Alain Resnais déclara « Si on avait voulu faire un film sur
l'Espagne, il aurait mieux valu faire un documentaire ou lancer
une campagne de presse. Je veux dire que si le vrai but était
là, se réfugier derrière une fiction serait une lâcheté. Ce qui
ne signifie pas que la fiction n'ait pas un rôle à jouer.

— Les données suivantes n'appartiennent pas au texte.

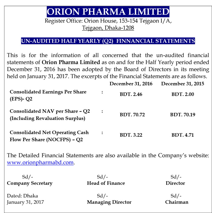 Un-audited Half Yearly (Q2) Financial Statements of Orion Pharma Ltd

Quand
on voit la fureur que ce film a provoqué auprès du ministère de
l'intérieur espagnol (qui a exigé que le film soit retiré de la
compétition du Festival de Cannes 1966), j'avoue que je suis
surpris. Ils auraient normalement dû le laisser passer. »
Fiche technique :
Titre : La Guerre est Finie
Réalisation : Alain Resnais
Scénario et dialogues : Jorge Semprún
Photo : Sacha Vierny
Décors : Jacques Saulnier
Musique : Giovanni Fusco
Montage : Eric Pluet
Durée : 121 minutes
Genre : Drame
Noir et Blanc
Sortie en salles en France : 11 avril 1966
Première sortie mondiale : 1966
Distribution :
Yves Montand : Diego Mora
Ingrid Thulin : Marianne
Geneviève Bujold : Nadine Sallanches
Jean Bouise : Ramon
Paul Crauchet : Roberto
Dominique Rozan : Jude
Anouk Ferjac : Marie Jude
Bernard Fresson : André Sarlat
Yvette Etiévant : Yvette
Michel Piccoli : inspecteur des douanes
Jean Dasté : responsable
Gérard Séty : Bill
Jacques Rispal: Manolo
Annie Fargue: Agnès
Catherine De Seyne : Jeanine
José-Maria Flotats: Miguel
Jean-François Rémi : Juan
Roland Monod: Antoine
Marcel Cuvelier : inspecteur Chardin
Gérard Lartigau : chef du groupe AR
Marie Mergey : Mme Lopez
Françoise Bertin : Carmen
Laurence Badie : Bernadette Pluvier
Antoine Bourseiller: homme du wagon-restaurant
Claire Duhamel : femme du wagon-restaurant
Martine Vatel : étudiante
Antoine Vitez: employé Air France
Jacques Wallet : CRS
Pierre Decazes : employé SNCF
Pierre Leproux: homme en blouse blanche
R.J. Chauffard: ivrogne (sous le nom de "R.J. Chauffar")
Jean Bolo : agent de police
Pierre Barbaud : client du café
John Larroquette : étudiant
Roger Pelletier : inspecteur des douanes
Jacques Rolnard : Pierrot
Fylgia Zadig : hôte réunion clandestine
Sissi Kaisser : militante espagnole
Laure Paillette: vieille dame dans l'escalier.
Jorge Semprun : voix (non crédité)
Lyne Chardonnet : jolie fille blonde (non créditée)
Jean-Pierre Kerien : Chardin
Récompenses :
Il obtient le prix Louis-Delluc en 1966, le prix Luis-Buñuel
des journalistes espagnols (Cannes 1966), le prix de la FIPRESCI, un
prix au Festival de Karlovy Vary (1966), le prix du meilleur
film étranger 1968 des critiques de New York.